InstructionOperandsSets FlagsNaN Handling
COMISSxmm, xmm/m32ZF, PF, CFRaises #IA exception
COMISDxmm, xmm/m64ZF, PF, CFRaises #IA exception
UCOMISSxmm, xmm/m32ZF, PF, CFQuiet (no exception)
UCOMISDxmm, xmm/m64ZF, PF, CFQuiet (no exception)
section .data
    pi    dq 3.14159
    e     dq 2.71828

section .text
    movsd xmm0, [pi]
    movsd xmm1, [e]
    
    ucomisd xmm0, xmm1    ; Compare pi vs e (quiet NaN handling)
    
    ; Use UNSIGNED condition codes (not JG/JL!):
    ja  .pi_greater       ; Jump if pi > e (Above)
    jb  .pi_less          ; Jump if pi < e (Below)
    je  .equal            ; Jump if pi == e
    jp  .unordered        ; Jump if either is NaN (Parity)

; Checking for NaN:
check_nan:
    ucomisd xmm0, xmm0    ; Compare value with itself
    jp .is_nan            ; NaN != NaN, sets PF=1
    ; Not NaN
.is_nan:
    ; Handle NaN case
Critical: After floating-point compare, use unsigned branch instructions (JA, JB, JAE, JBE) not signed (JG, JL)! The flag encodings are different.

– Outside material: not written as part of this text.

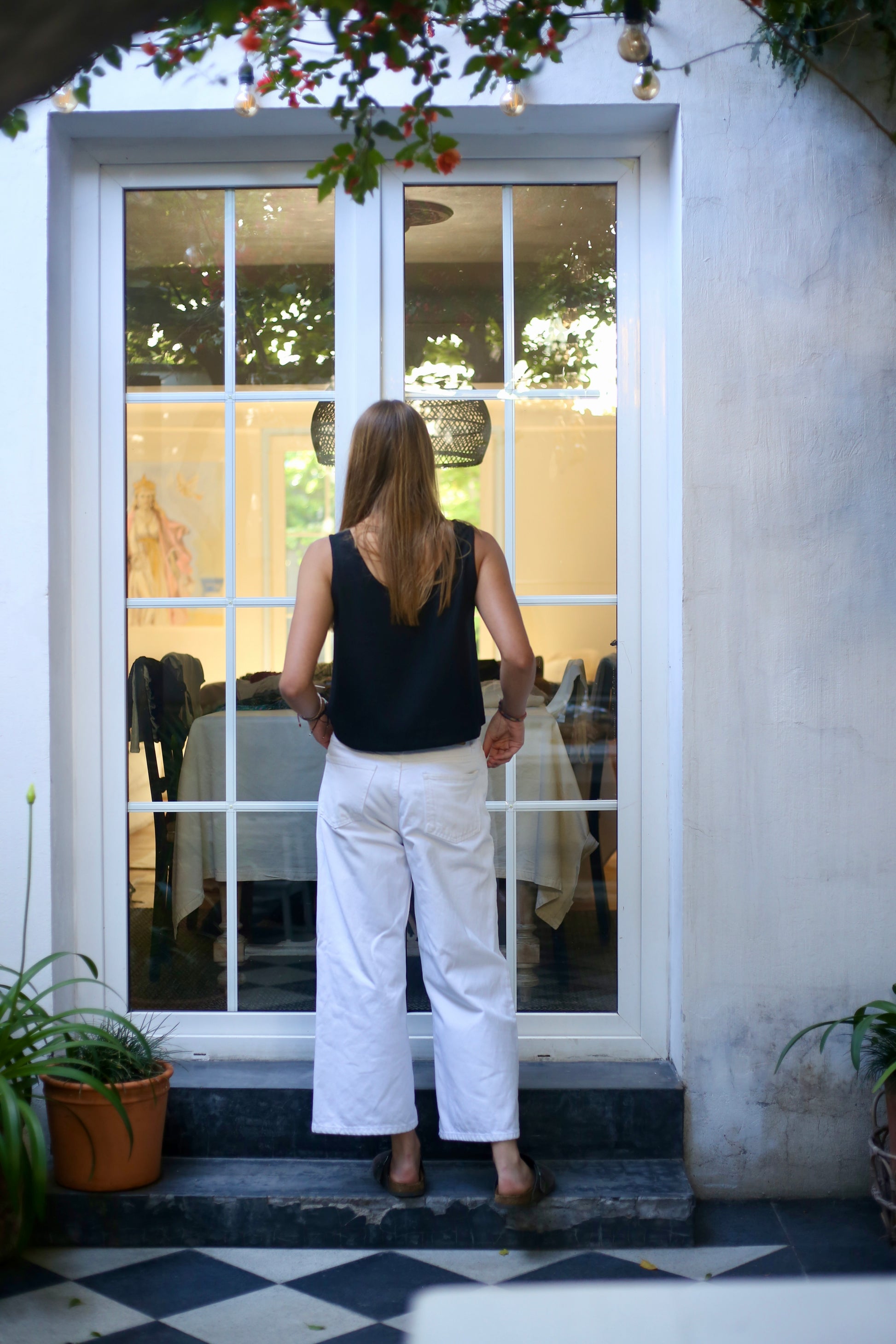 Polera corta sin manga en tela lino algodón, perfecta para estos días de calor. Un básico en tu clóset, combínala con pantalones o faldas tiro alto.

Exercise: Max of Two Doubles

; max_double(xmm0, xmm1) -> xmm0
max_double:
    ucomisd xmm0, xmm1
    ja .done              ; If xmm0 > xmm1, already have max
    movsd xmm0, xmm1      ; Else xmm0 = xmm1
.done:
    ret

; Or use MAXSD instruction:
max_double_v2:
    maxsd xmm0, xmm1      ; xmm0 = max(xmm0, xmm1)
    ret

x87 vs SSE: When to Use

Aspectx87 FPUSSE/SSE2
Register ModelStack (ST0-ST7)Flat (XMM0-XMM15)
Precision80-bit extended32/64-bit only
SIMD SupportNone4 floats or 2 doubles
Calling ConventionVaries, complexClean (XMM0 returns)
Modern UseLegacy code onlyPreferred for new code
TranscendentalsBuilt-in (FSIN, FCOS)None (use libraries)

Decision Guide

  • Use SSE/SSE2: New code, performance-critical, ABI compliance, SIMD potential
  • Use x87: Need 80-bit precision, built-in transcendental functions, legacy code maintenance
  • Use AVX/AVX-512: When you need 256/512-bit vectors (see Part 12)
; Modern approach (SSE2) - Preferred!
add_doubles_sse:
    movsd xmm0, [value1]
    addsd xmm0, [value2]      ; xmm0 = value1 + value2
    movsd [result], xmm0
    ret

; Legacy approach (x87) - Avoid unless necessary
add_doubles_x87:
    fld qword [value1]        ; Push value1 to ST0
    fadd qword [value2]       ; ST0 = ST0 + value2
    fstp qword [result]       ; Pop ST0 to result
    ret
Compiler Default: Modern compilers (GCC, Clang, MSVC) default to SSE for floating-point. x87 is only used when explicitly requested (-mfpmath=387) or for 80-bit long double.